DODAJ MATERIAŁ dodaj wideo, zdjęcie, tekst
DODAJ MATERIAŁ dodaj wideo, zdjęcie, tekst

Ten artykuł jest wyświetlany w trybie archiwalnym, co może skutkować nieprawidłowym wyświetlaniem niektórych elementów.

Wrócili z delegacji z Niemiec wprost do pracy? List od ostrowskiego pracownika Mahle

„Jestem pracownikiem biurowym Mahle. Chciałbym podzielić się z innymi, co w takiej międzynarodowej i wielkiej firmie się dzieje. Ktoś mógłby pomyśleć że prewencja jest tu na porządku dziennym. Nic bardziej mylnego.” – tak rozpoczyna się mail od anonimowego informatora.

„9 marca (poniedziałek) z delegacji z Niemiec wróciło kilka osób. Wrócili z obszarów, gdzie były przypadki zakażonych osób.
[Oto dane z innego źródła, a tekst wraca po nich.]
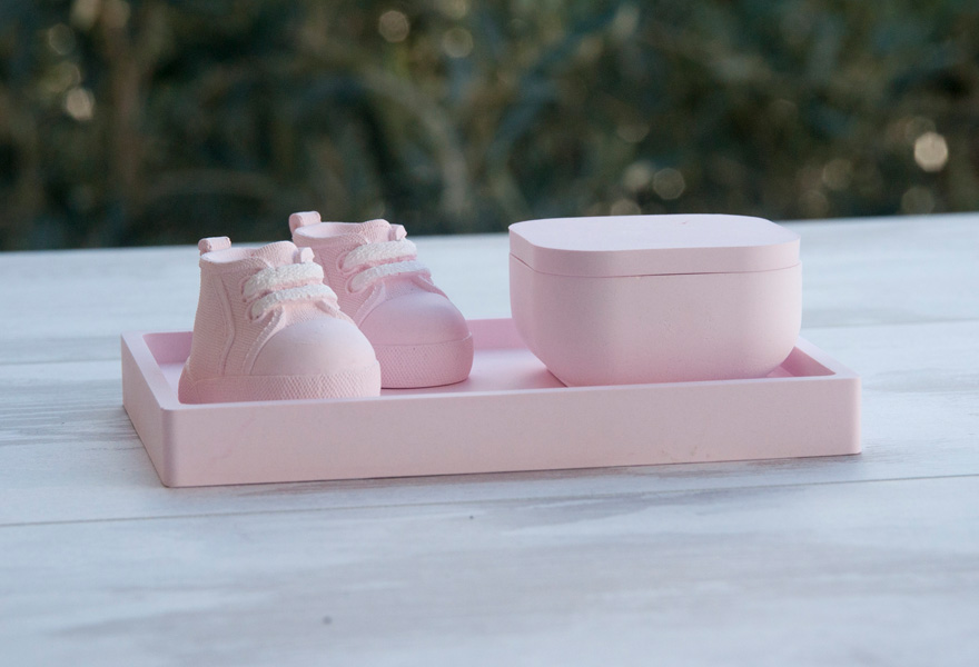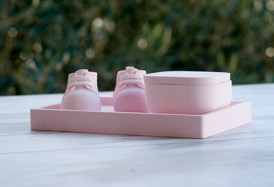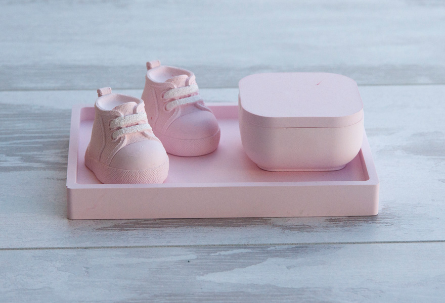 Δώρο μαιευτηρίου από υλικό με υφή χυτής πορσελάνης που περιλαμβάνει ένα πιατάκι παραλληλόγραμμο, δύο μωρουδίστικα παπουτσάκια και μια μπιζουτιέρα Dice.

Jak to bywa na delegacji, by dostać się do firmy jeździ się autobusem, co drastycznie podnosi prawdopodobieństwo zakażenia” – czytamy dalej.

Zdaniem anonimowego informatora osoby, które wróciły z delegacji przez trzy dni przebywały na terenie firmy i nie zostały poddane żadnym badaniom.„Dziś (środa -przyp.red.) zostaliśmy poinformowani że te osoby mogą być nosicielami wirusa i od dziś na dwa tygodnie zostaną wysłane na kwarantannę domowa, będą mogły normalnie chodzić po mieście lecz nie mogą przyjść do pracy (jest to minimum 6 osób). Szkoda ze jeśli są faktycznie nosicielami to zdążyli zakazić dziesiątki lub nawet setki osób(…)W firmie pracuje ponad 2 tysiące ludzi, którzy także mogli zostać w pośredni sposób zakażeni. Sanepid był w Mahle około 2 tygodnie temu, ponieważ już były zgłoszenia, że pracownicy się źle czują. Chcę tylko ostrzec wszystkich, by dbali o higienę i nie ignorowali tego co się dzieję. Sanepid zostanie znów poinformowany o tym jak firma bagatelizuje możliwość narażenia zdrowia pracowników”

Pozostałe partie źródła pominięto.